Occultus Tramitis
(Unicorn Digital)


Although the record company name is Unicorn Digital, the label run by progressive guitar hero Michel St. Pere actually makes great CDs, complete with amazing looking artwork and snappy looking discs. Case in point is a fantastic 2013 CD release by composer / bass player Antoine Fafard entitled Occultus Tramitis. One of the top jazz-rock bass players and instrumental music composers in the world today, Antoine turned heads around with his stellar musicianship in the group Spaced Out, who released some excellent albums on Unicorn during the last decade. That said, Antoine fulfills his sonic mission with his second solo album. Antoine’s greatest musical statement as a solo artist to date, Occultus Tramitis is superbly packaged with eye-popping album art and the music inside is white hot too, filled with solid performances featuring Antoine backed up by a range of players including ex-Group 87 drummer Terry Bozzio, the great Jerry Goodman, drummer Simon Phillips and more. Although Antoine plays bass and also guitar, he gets solid backup from other fine ax men including Scott Henderson, Jerry De Villiers Jr. and George Hayes. An hour of high-powered instrumental fusion music, Occultus Tramitis is a dynamic, superbly recorded album of 21st century jazz rock at its finest. / presents an interview with

: Can you tell us where you’re from originally and where you live now and what you like most about it?
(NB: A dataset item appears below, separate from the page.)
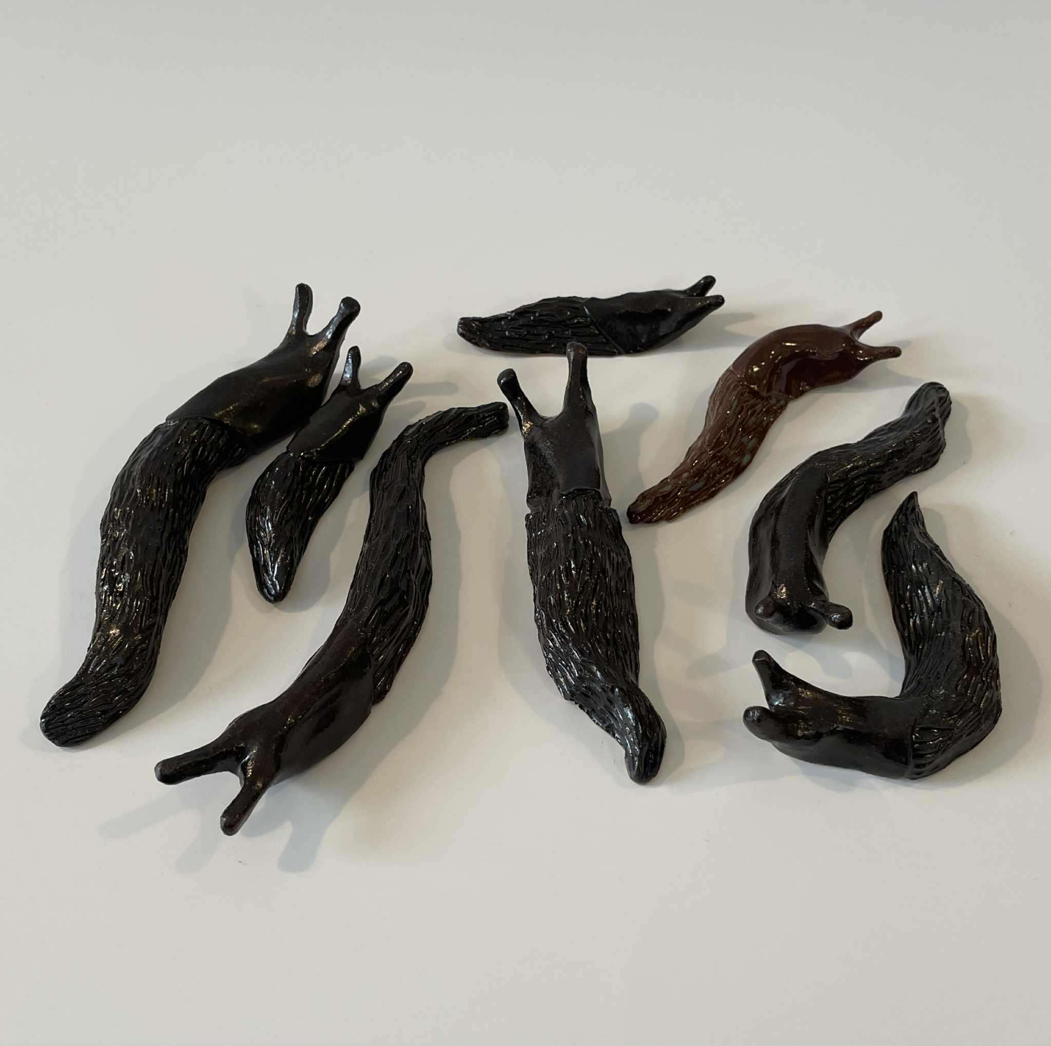 My snails are an ongoing project that I would like to exhibit one day. I like the way they look in groups, like a rainy day in the garden.

ANTOINE FAFARD: I’m originally from Montreal Canada, but now live in London England. London is a city where a lot is happening on many levels. And there’s always something interesting going on artistically.

mwe3: When did you start on the bass guitar and the guitar? What were your early years of studying music, the bass and the guitar like and how has your sound, compositional style and overall sonic vision changed over the years? Can you remember your first guitars?

ANTOINE FAFARD: I began to play the classical guitar at the age of 11. My first guitar was a Takamine... Actually my last guitar was also a Takamine as I recently purchased one! I switched to the electric bass at 15 which has been my main instrument since. In the recent years, I have reacquainted myself with the classical guitar mainly to help in the creative process. Sylvain Bolduc and Denis Labrosse are bass teachers I studied with who have both influenced me greatly. I thought I’d pay tribute to them on my recent album by inviting them on a bass trio piece entitled “Tree O” which they both collaborated on.

I listened to a wide variety of music growing up and I’m still eclectic in my choice today, so I guess that my compositional style reflects that. I’ve always been fascinated by improvisation and the music I compose has always room for it.

mwe3: Your 2013 CD is titled Occultus Tramitis. You say in the CD liner notes, the title actually means “Hidden Track”. What does the title signify to you, how did the album come together and over the period of time, where and when was the music written and recorded?

ANTOINE FAFARD: The title was inspired by the photograph on the cover which was taken by Jean-Pierre Dodel who is an old friend of mine. It also represents that the music I create is, like it is for most independent musicians, hidden from mainstream news / music outlets. It doesn’t have a lot of visibility. Some of my listeners perhaps accidentally found what I do which is like finding something that was hidden.

I started to work on Occultus Tramitis not long after my previous album Solus Operandi was released in August 2011. It took nearly two years to complete Occultus, which is roughly the time it normally takes me to start and finish an album project. The music was all composed in my home studio where I also recorded my own tracks. The tracks from my collaborators where are recorded in their respective home studios.

mwe3: Occultus Tramitis is a superstar filled CD. What was it like working with Jerry Goodman of Mahavishnu Orchestra? How did you meet Jerry and how did he inspire to bring your music to another level on the CD?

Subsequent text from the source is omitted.